Article by Sphere Identity CEO Katherine Noall
The advent of the internet has revolutionised the world, becoming an integral part of society with almost every aspect of everyday life moving into the digital dimension. In today’s information age, troves of personal data and records on almost any individual are readily available to anyone with an internet connection, making them a prime target for cybercrime, hacks, and identity theft. As the technology landscape continues its rapid advancement, so does the need for adequate security measures.
Most online transactions require some form of identity verification, otherwise known as Know Your Customer (KYC), as a precautionary measure to prevent fraud and comply with anti-money laundering (AML) regulations. As such, internet users are often required to input personal information and highly-valuable data from contact numbers to email addresses to make use of the various platforms and services available online.
Data is now fuelling businesses, and consumers’ personal information is quickly becoming the most valuable resource as companies utilise the gathered data to power everything from research and development to targeted marketing strategies. However, storing vast amounts of consumer data in centralised databases makes it extremely attractive for hackers and bad actors.
According to the global risk report published by the World Economic Forum 2019, cyber attacks and data breaches have been listed as the fourth and fifth most serious risks facing the world today. This report rings true when we look at Singapore’s recent HIV data leak scandal earlier this year, whereby 14,200 people’s personal information and health records were made public by an individual who hacked the central server where this information was stored.
Unfortunately, the current centralised state of the internet limits the amount of online data that can be protected. With all the information about an individual being passed through various centralised servers, users often have very little control over their own data. However, with a decentralised identity, individuals would be able to play a more dominant role in controlling their own online identities and keeping their information private, rather than leaving that responsibility in the hands of self-serving organisations. Similarly, integrating blockchain technology can prove advantageous for organisations as well.

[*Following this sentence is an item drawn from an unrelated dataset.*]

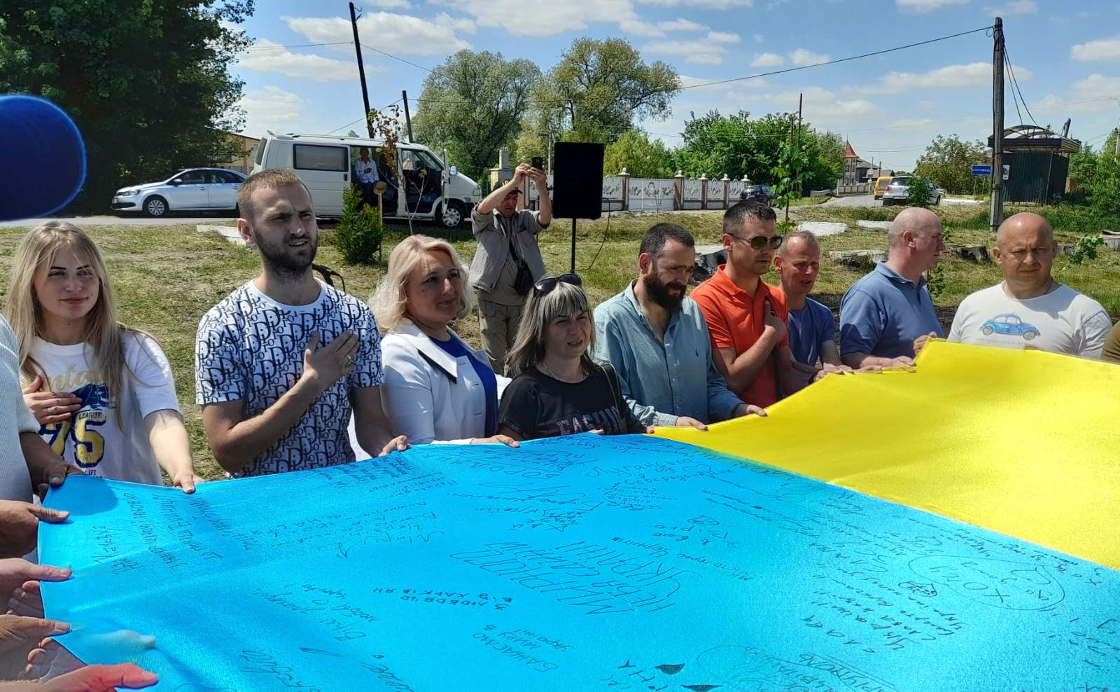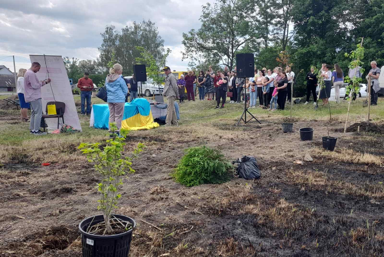 Атмосфера заходу дуже щира: висаджують деревця сім’ями, доєдналися учні місцевої школи на чолі з вчителями та директором МИКОЛОЮ БОДНАРЮКОМ, на акцію приїхали старости та переселенці з інших сіл громади. Люди знайомляться, підбадьорюють одне одного словами віри в перемогу!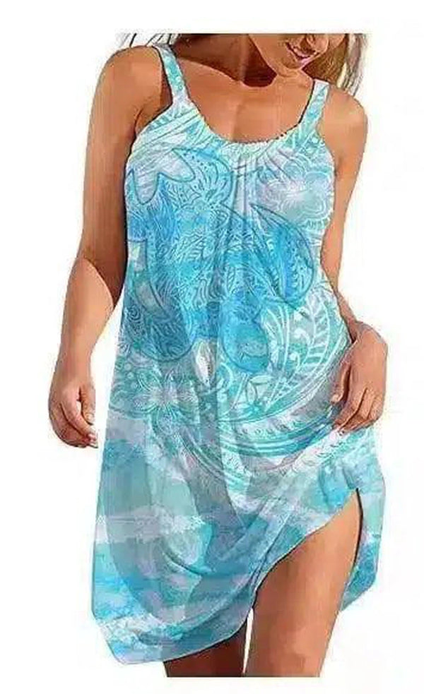 Gaun Penutup Pantai Bermotif Tanpa Lengan

As we look back over the past number of years, there are numerous cyber attacks that stand out. On the back of one of the most notorious data breaches of 2018, the Facebook—Cambridge Analytica data scandal where millions of users’ data was utilised for political purposes without their consent, and the infamous Equifax cyber attack of 2017 that affected 140 million individuals, collecting personal information or using customers’ data without their permission could certainly be deemed as a privacy infringement. According to CA Technologies’ Digital Trust Survey and Index study in 2018, the Asia Pacific and Japan region reported that 63% of consumers have no trust in the ability of an organisation to safeguard and protect their user data.
As the world’s most in-demand resource is no longer oil, but data, and with hacks, leaks, and breaches rampant, it is no longer just consumers that are affected. A LexisNexis survey on the True Cost of AML Compliance revealed that compliance costs are on the rise, with KYC accounting for 14% of AML compliance costs. Furthermore, the costs are also driven up by the increasing amount of time it takes to onboard a customer, making the entire process not just costly for the business, but tedious for the consumer. With increasingly heavy administrative processes, KYC is indirectly making products and services less attractive to buy, leading to increased abandonment rates which, in turn, affects a company’s bottom line.
Aside from reducing the time needed for KYC verification processes, decentralisation eliminates the need for third-party agencies, which contribute largely to the additional costs associated with AML compliance. Decentralised identity solutions also allow users to have more control over the information they release, by giving individuals the option to choose what information should be shared with a particular organisation, and making it clear when and how it is being shared.
Just recently, IBM announced its plans to streamline its KYC process by implementing blockchain technology to provide improved efficiency for consumers when authentication is required. Faced with rising costs and mounting customer dissatisfaction, corporations are beginning to realise the need for compliance processes to be automated and streamlined, by replacing the slow and tedious use of paper or lengthy online forms with emerging technology such as blockchain.
Presently, there is much energy being placed into the development of decentralised technologies that will help to bring the concept of self-sovereign identity to life, and 2019 will undoubtedly see such promising solutions coming to fruition. Optimally, the benefits of the solution should be two-fold — streamlining identity verification processes while restoring control of sensitive personal information back to the users.